Every line from the one containing "The endogenous variable" to the one containing "A brass mid" in the records below, both included, must be set down exactly, and no other line.

▶ Data shown:
-- -- --

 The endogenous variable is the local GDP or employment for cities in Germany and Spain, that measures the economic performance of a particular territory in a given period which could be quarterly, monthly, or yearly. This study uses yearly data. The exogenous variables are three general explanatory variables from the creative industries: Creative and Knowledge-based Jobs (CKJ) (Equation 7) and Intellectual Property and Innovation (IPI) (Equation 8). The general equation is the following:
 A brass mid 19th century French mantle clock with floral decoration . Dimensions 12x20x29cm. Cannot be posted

-- -- --

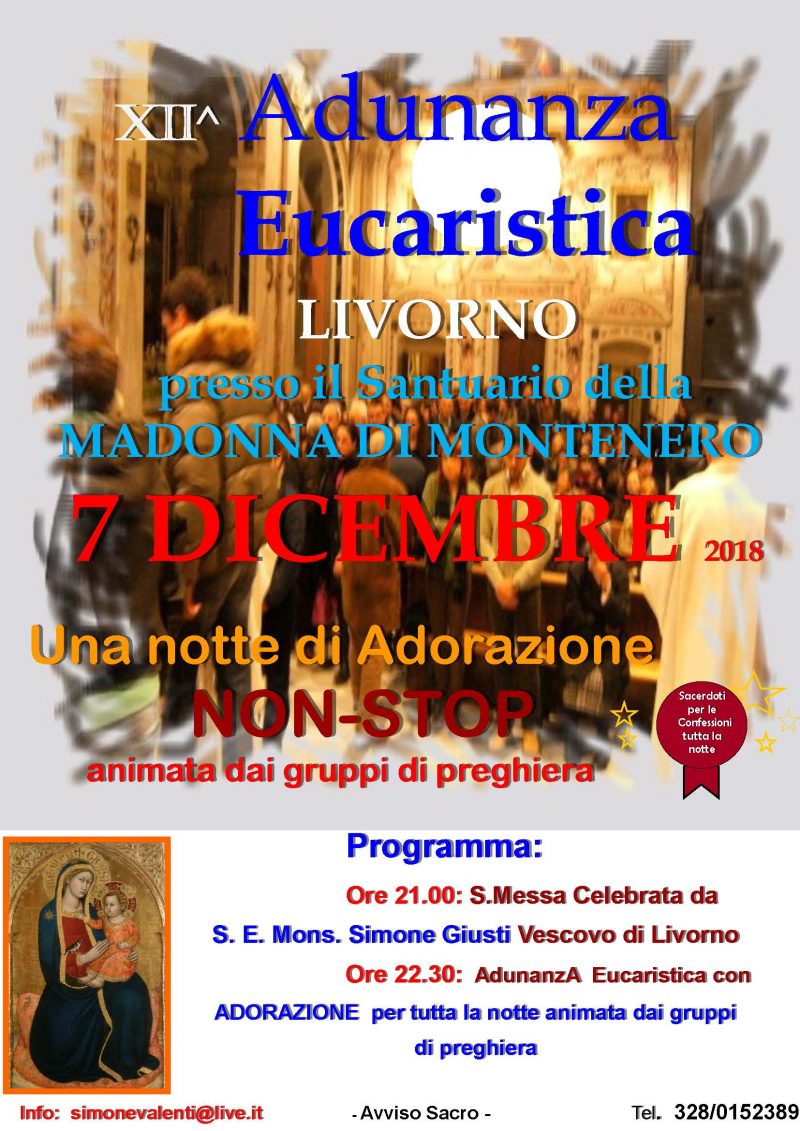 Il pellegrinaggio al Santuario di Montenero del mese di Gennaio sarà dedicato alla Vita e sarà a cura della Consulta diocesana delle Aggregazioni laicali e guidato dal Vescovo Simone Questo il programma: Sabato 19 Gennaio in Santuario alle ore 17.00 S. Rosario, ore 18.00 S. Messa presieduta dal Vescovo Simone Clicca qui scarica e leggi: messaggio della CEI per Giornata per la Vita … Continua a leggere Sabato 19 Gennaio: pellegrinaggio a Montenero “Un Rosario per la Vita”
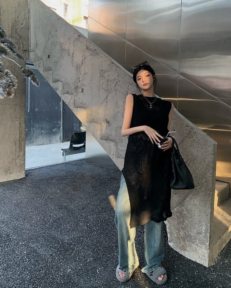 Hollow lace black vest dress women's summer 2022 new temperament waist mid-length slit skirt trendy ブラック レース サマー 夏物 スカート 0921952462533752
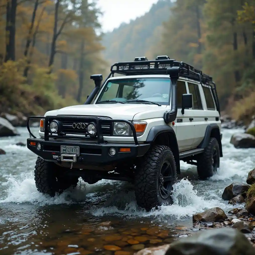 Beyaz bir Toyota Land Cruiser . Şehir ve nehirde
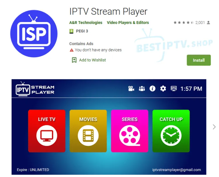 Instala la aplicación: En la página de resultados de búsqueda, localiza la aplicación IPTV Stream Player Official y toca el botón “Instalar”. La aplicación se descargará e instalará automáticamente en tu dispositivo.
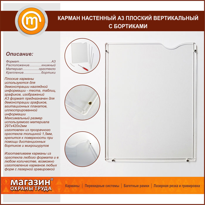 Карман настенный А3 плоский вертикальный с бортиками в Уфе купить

-- -- --

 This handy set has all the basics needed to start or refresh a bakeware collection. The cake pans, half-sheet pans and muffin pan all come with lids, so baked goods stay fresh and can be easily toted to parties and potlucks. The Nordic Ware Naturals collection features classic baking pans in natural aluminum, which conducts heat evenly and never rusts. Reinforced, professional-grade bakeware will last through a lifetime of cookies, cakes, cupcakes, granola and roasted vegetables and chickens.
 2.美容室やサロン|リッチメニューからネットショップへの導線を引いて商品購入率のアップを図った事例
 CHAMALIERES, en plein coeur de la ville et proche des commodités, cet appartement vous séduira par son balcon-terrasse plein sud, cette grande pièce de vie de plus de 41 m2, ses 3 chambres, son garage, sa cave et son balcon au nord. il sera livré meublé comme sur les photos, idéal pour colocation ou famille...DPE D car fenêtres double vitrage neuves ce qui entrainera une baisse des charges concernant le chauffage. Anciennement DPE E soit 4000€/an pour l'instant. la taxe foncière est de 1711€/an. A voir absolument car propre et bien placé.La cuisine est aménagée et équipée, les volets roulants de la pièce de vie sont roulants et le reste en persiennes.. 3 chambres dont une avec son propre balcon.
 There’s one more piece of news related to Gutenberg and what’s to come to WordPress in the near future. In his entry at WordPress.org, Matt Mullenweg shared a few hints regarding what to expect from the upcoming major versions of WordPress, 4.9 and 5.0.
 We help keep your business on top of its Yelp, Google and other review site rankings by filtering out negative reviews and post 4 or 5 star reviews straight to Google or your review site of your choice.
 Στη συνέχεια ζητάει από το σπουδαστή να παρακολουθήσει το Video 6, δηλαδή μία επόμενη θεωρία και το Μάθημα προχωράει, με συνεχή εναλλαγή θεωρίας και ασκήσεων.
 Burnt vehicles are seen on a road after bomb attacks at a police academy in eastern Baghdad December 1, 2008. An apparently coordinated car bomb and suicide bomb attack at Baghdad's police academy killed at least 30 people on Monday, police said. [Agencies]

-- -- --

▶ Answer to this problem:
 The endogenous variable is the local GDP or employment for cities in Germany and Spain, that measures the economic performance of a particular territory in a given period which could be quarterly, monthly, or yearly. This study uses yearly data. The exogenous variables are three general explanatory variables from the creative industries: Creative and Knowledge-based Jobs (CKJ) (Equation 7) and Intellectual Property and Innovation (IPI) (Equation 8). The general equation is the following:
 A brass mid 19th century French mantle clock with floral decoration . Dimensions 12x20x29cm. Cannot be posted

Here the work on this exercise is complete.